--- Exercise objective ---
Without the pictures, print the lines from the one holding "Безупречная холодная элегантность" through the last line below, both included, exactly as they stand.

--- The data ---
# # #
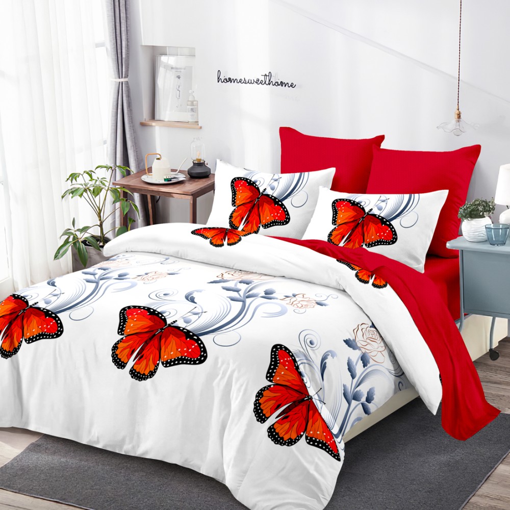Lenjerie Pat Dublu, FINET, 6 piese, Alb, Rosu, Fluturi, Super Design Pucioasa, cod produs: SDP-FNC-849
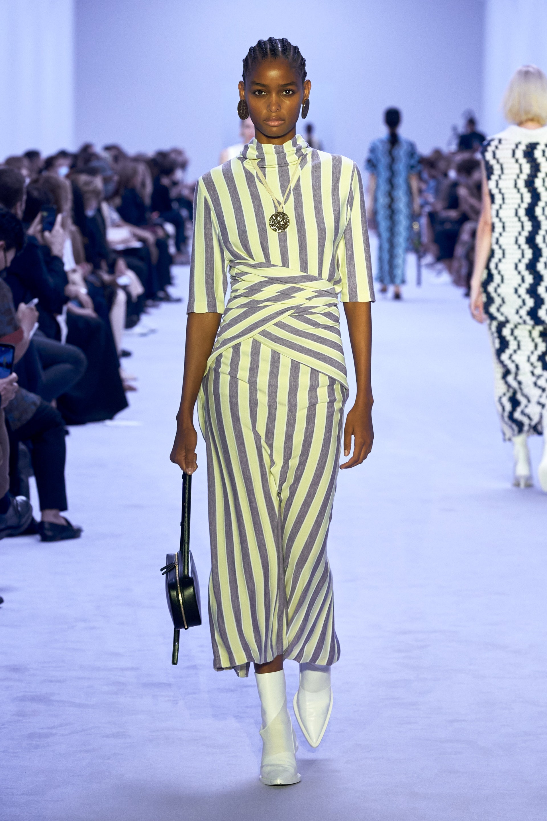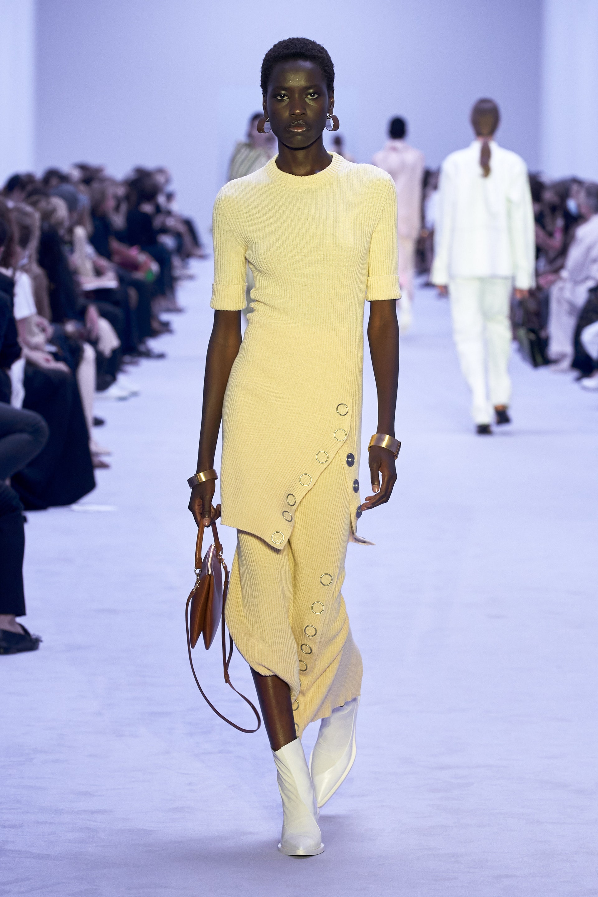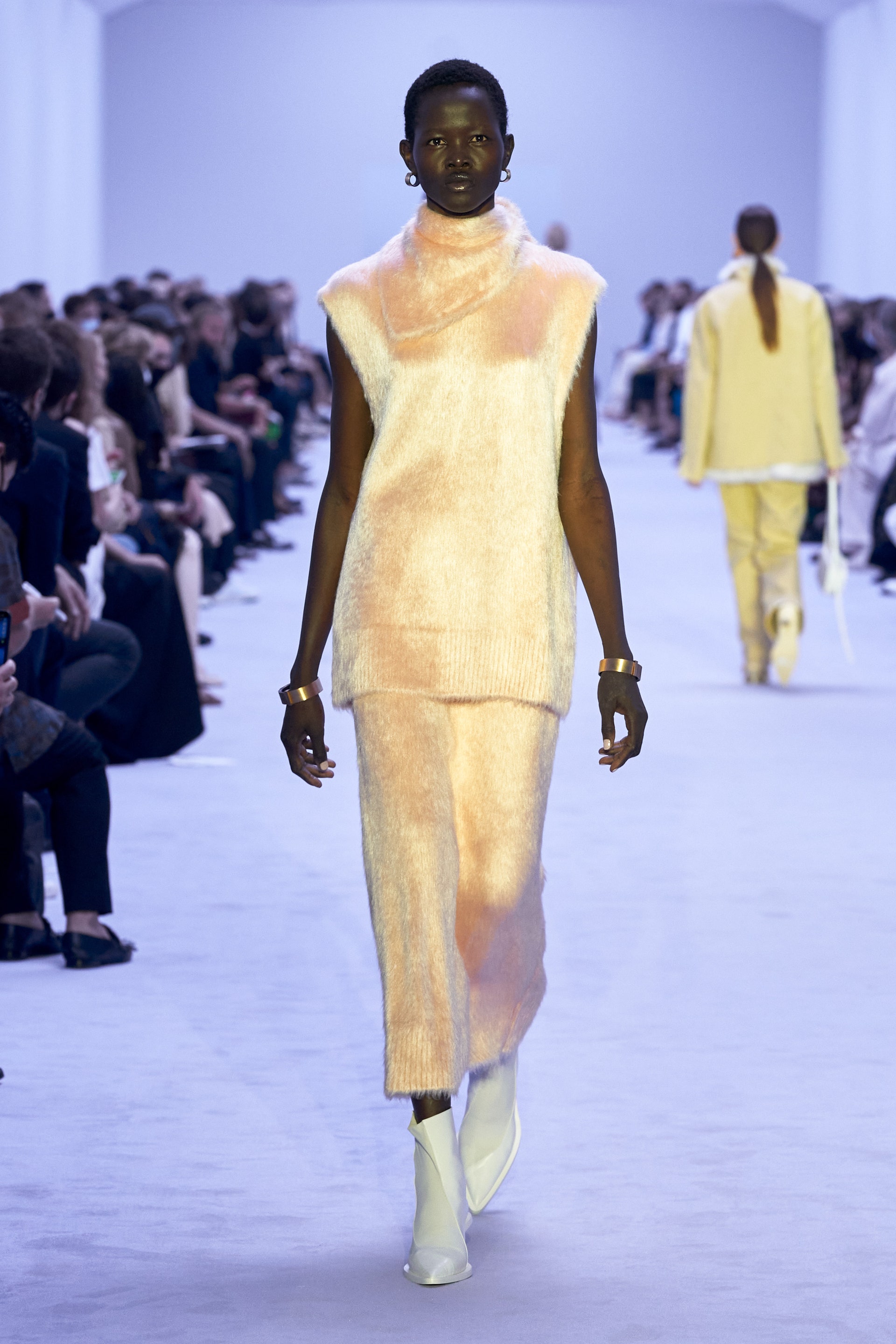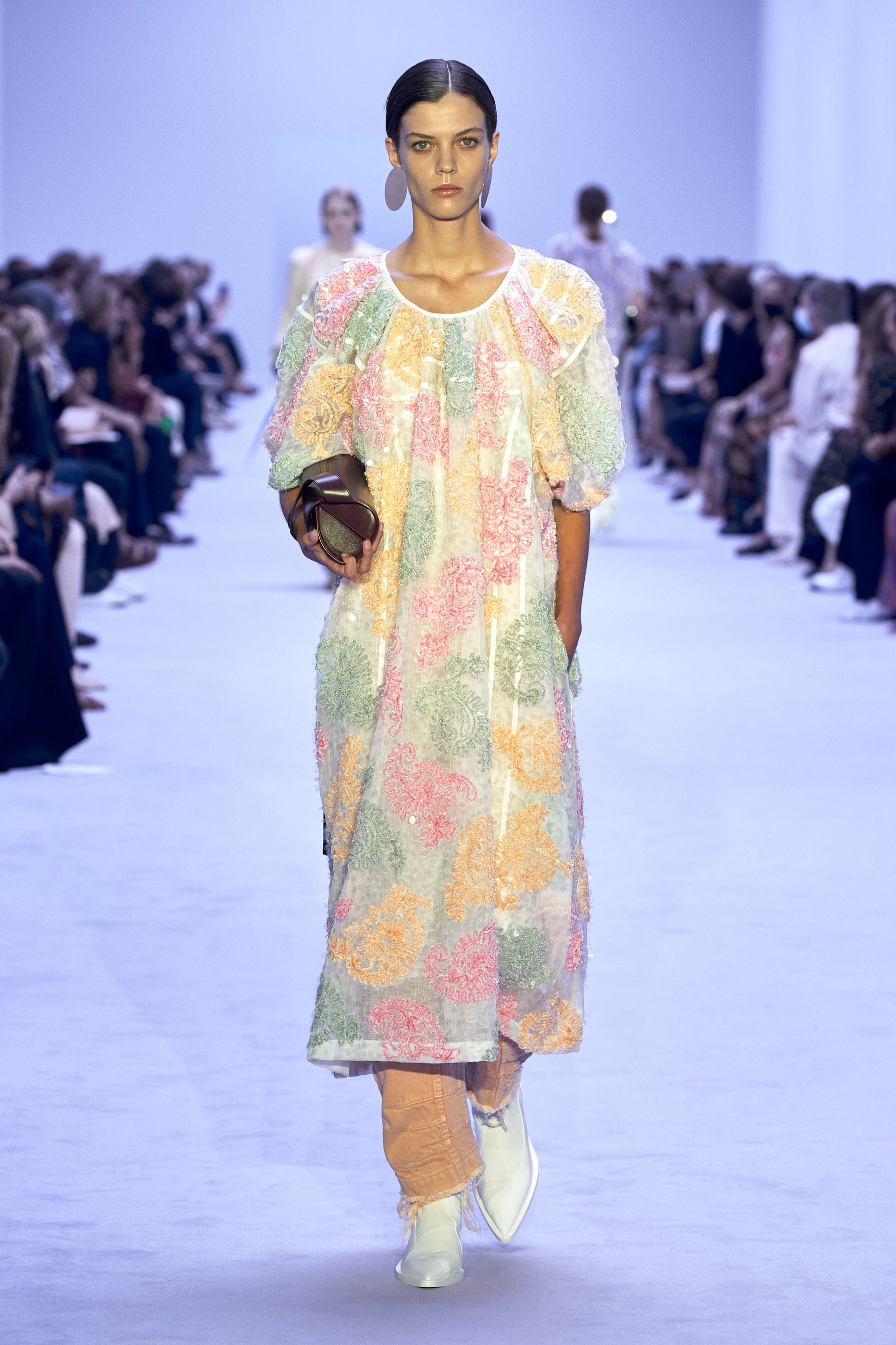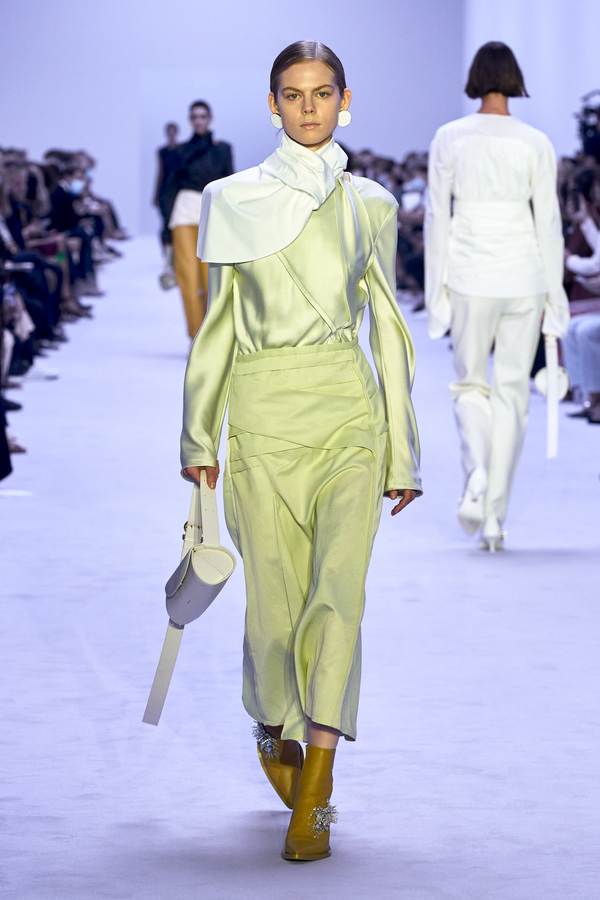 Безупречная холодная элегантность Jil Sander окрасилась новыми красками на весеннем подиуме. Оптимистичные орнаменты пейсли в молочно-неоновых оттенках, пальто в тигровый принт, блестящие костюмы цветов сладостей — Люси и Люк Мейер поддались волне ренессанса, которая захватила нью-йоркскую, лондонскую, а следом и миланскую Неделю моды. У дизайнеров родилась дочь (беби-бум в моде продолжается), и это не могло не отразиться на дизайне новой коллекции, который стал более дружелюбным: комфортные каблуки на сапогах, инфантильные вороты-воланы и стилизованные детские манишки, превращенные в элегантные шарфы. Эксперименты с неоном и пастелью, просторные силуэты и крошечные пуантилические цветы на топах сделали Jil Sander немного более легкомысленным брендом, по крайней мере на один сезон.
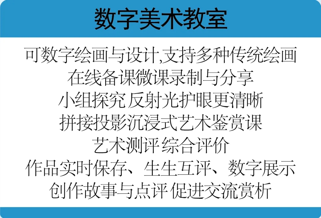 擁有自主開發的系列產品,涉及中國傳統文化書畫教室、老師成長和提升的教研產品、增賦減負備授課工具、提升優質資源均衡的結對課堂。自主研發產品:課堂評價-愛評課、美術教絡系統-藝學寶、數字臨摹書法教室-藝學寶、互動結對課堂、名師專遞課堂。配套硬件產品:藝板繪畫屏、藝學寶書法臨摹全貼合屏,產品優勢:數據采集與運用、互聯網+等創新運用在教學和教研,助力英音美薄弱學科的師資水平提升和名師課堂發揮普惠作用。
# # #
--- Response to the task ---
 Безупречная холодная элегантность Jil Sander окрасилась новыми красками на весеннем подиуме. Оптимистичные орнаменты пейсли в молочно-неоновых оттенках, пальто в тигровый принт, блестящие костюмы цветов сладостей — Люси и Люк Мейер поддались волне ренессанса, которая захватила нью-йоркскую, лондонскую, а следом и миланскую Неделю моды. У дизайнеров родилась дочь (беби-бум в моде продолжается), и это не могло не отразиться на дизайне новой коллекции, который стал более дружелюбным: комфортные каблуки на сапогах, инфантильные вороты-воланы и стилизованные детские манишки, превращенные в элегантные шарфы. Эксперименты с неоном и пастелью, просторные силуэты и крошечные пуантилические цветы на топах сделали Jil Sander немного более легкомысленным брендом, по крайней мере на один сезон.
 擁有自主開發的系列產品,涉及中國傳統文化書畫教室、老師成長和提升的教研產品、增賦減負備授課工具、提升優質資源均衡的結對課堂。自主研發產品:課堂評價-愛評課、美術教絡系統-藝學寶、數字臨摹書法教室-藝學寶、互動結對課堂、名師專遞課堂。配套硬件產品:藝板繪畫屏、藝學寶書法臨摹全貼合屏,產品優勢:數據采集與運用、互聯網+等創新運用在教學和教研,助力英音美薄弱學科的師資水平提升和名師課堂發揮普惠作用。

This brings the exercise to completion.